▸ **Exercise description**
Restate every line of the material below word for word, skipping the images.

▸ **Supplied records**
********************
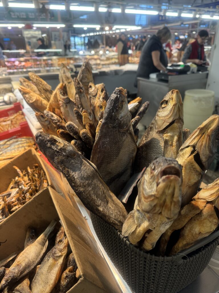 Wędrując pod hale targowe zabierzcie ze sobą ochotę na zakupy! Najpierw mamy duże targowisko zewnętrzne, głównie z warzywami, owocami i – o tej porze roku – grzybami, borówkami, ale także wszelkiej maści stragany ze wszystkim. Hale są podzielone według asortymentu: mamy hale z serami i nabiałem, kolejną z mięsem i jego przetworami, halę gastronomiczną, jest osobna hala z rybami i owocami morza. Ta zwykle bywa dla mnie najciekawsza, choć tutaj (północ!) wiele miejsca zajmowały ryby suszone i wędzone.
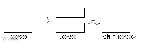 解决方案1:可以选用与300*450规格地砖,可以让使用率明显加大。(注:此解决方案为理论上可行,实际上市场上无300*450规格的地砖。)
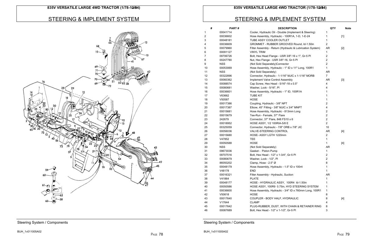 Versatile Tractor 835V Large 4WD Parts Catalog 19781984
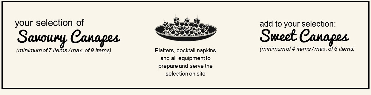 → Choose your savoury canapes selection – minimum of 7 items (included in the package) and maximum of 9 items (additional cost)
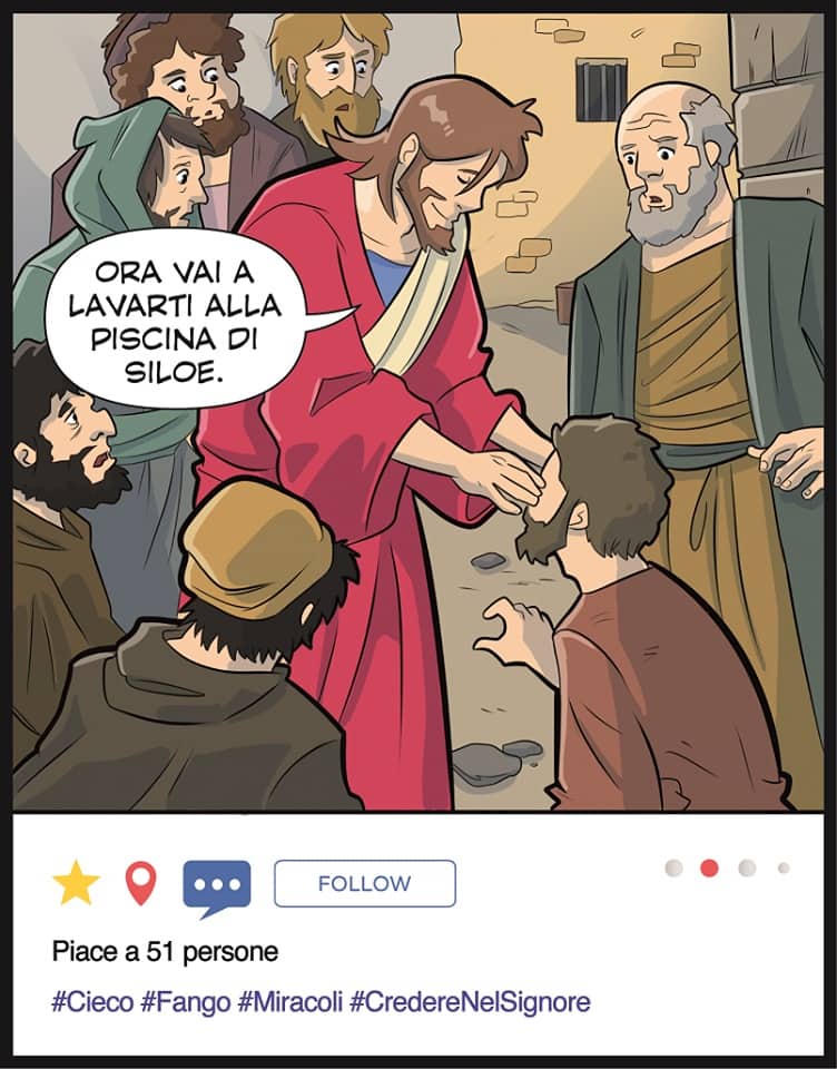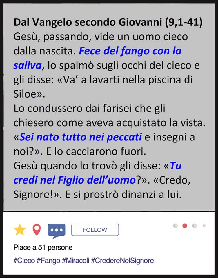 Fece del fango con la saliva. Sono due elementi che richiamano i racconti biblici della Genesi. ร
********************
▸ **The answer**
 Wędrując pod hale targowe zabierzcie ze sobą ochotę na zakupy! Najpierw mamy duże targowisko zewnętrzne, głównie z warzywami, owocami i – o tej porze roku – grzybami, borówkami, ale także wszelkiej maści stragany ze wszystkim. Hale są podzielone według asortymentu: mamy hale z serami i nabiałem, kolejną z mięsem i jego przetworami, halę gastronomiczną, jest osobna hala z rybami i owocami morza. Ta zwykle bywa dla mnie najciekawsza, choć tutaj (północ!) wiele miejsca zajmowały ryby suszone i wędzone.
 解决方案1:可以选用与300*450规格地砖,可以让使用率明显加大。(注:此解决方案为理论上可行,实际上市场上无300*450规格的地砖。)
 Versatile Tractor 835V Large 4WD Parts Catalog 19781984
 → Choose your savoury canapes selection – minimum of 7 items (included in the package) and maximum of 9 items (additional cost)
 Fece del fango con la saliva. Sono due elementi che richiamano i racconti biblici della Genesi. ร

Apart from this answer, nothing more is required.